Correlation Analysis

Correlation analysis is a statistical technique used to measure the strength and direction of the relationship between two or more variables. Karl Pearson’s Coefficient of Correlation, often referred to simply as Pearson’s correlation coefficient (r), is one of the most widely used methods for quantifying the correlation between two continuous variables. The Rank Method, on the other hand, is used to calculate correlation when the data is in the form of ranks or ordinal data.

Karl Pearson’s Coefficient of Correlation (r):

Pearson’s correlation coefficient (r) measures the linear relationship between two continuous variables, X and Y. It provides a value between -1 and 1, where:

r = 1 indicates a perfect positive linear correlation (as X increases, Y increases).
r = -1 indicates a perfect negative linear correlation (as X increases, Y decreases).
r = 0 indicates no linear correlation between X and Y.

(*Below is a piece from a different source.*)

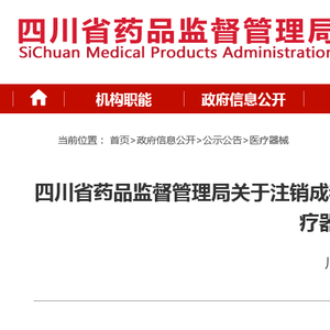 四川省药品监督管理局关于注销成都稳健利康医疗用品有限公司《中华人民共和国医疗器械注册证》的公告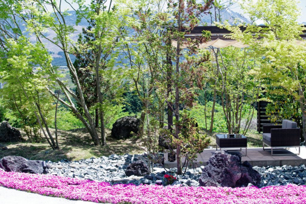 芝桜が満開の美しい庭の先は崖になっており、米塚を中心とした阿蘇の山々が広がる。豊かな自然に包まれたこの場所は、まさしく天空のリゾート。訪れたのは25年4月末だが、秋には紅葉も愉しめるという。最高のリゾート日和で、取材なのを忘れてしばし佇む。

The formula for Pearson’s correlation coefficient (r) is:

$r = \frac{n ( \sum X Y ) - ( \sum X ) ( \sum Y )}{[ n \sum X ^{2} - ( \sum X ) ^{2} ] [ n \sum Y ^{2} - ( \sum Y ) ^{2} ]}$

Where:

n is the number of data points.
Σ represents the sum.
X and Y are the individual data points for the two variables.

Pearson’s correlation coefficient is sensitive to outliers and assumes a linear relationship between the variables. It is not suitable for non-linear relationships or categorical data.

Rank Method:

The Rank Method is used when the data is in the form of ranks or ordinal data and does not meet the assumptions of Pearson’s correlation coefficient. This method is also known as Spearman’s Rank Correlation Coefficient (ρ or rs).

The Rank Method involves the following steps:

Rank the data: Assign ranks to each data point for both variables, X and Y. If there are ties (i.e., multiple data points with the same value), assign an average rank to those tied values.
Calculate the differences: For each data point, calculate the difference between the ranks of X and Y (d = rank(X) – rank(Y)).
Square the differences: Square each of the differences (d^2).
Sum the squared differences: Sum up all the squared differences.
Calculate the Rank Correlation Coefficient: Use the formula:

$ρ = 1 - \frac{6Σ d ^{2}}{n ( n ^{2} - 1 )}$

Where:

ρ (rho) is the Rank Correlation Coefficient.
Σ represents the sum.
d is the difference between ranks.
n is the number of data points.

The Rank Correlation Coefficient (ρ) provides a value between -1 and 1, similar to Pearson’s correlation coefficient. It quantifies the strength and direction of the monotonic relationship between the two variables. A positive ρ indicates a positive monotonic relationship, a negative ρ indicates a negative monotonic relationship, and ρ = 0 indicates no monotonic relationship.

The Rank Method is more robust to outliers and does not assume linearity, making it suitable for non-linear relationships or ordinal data.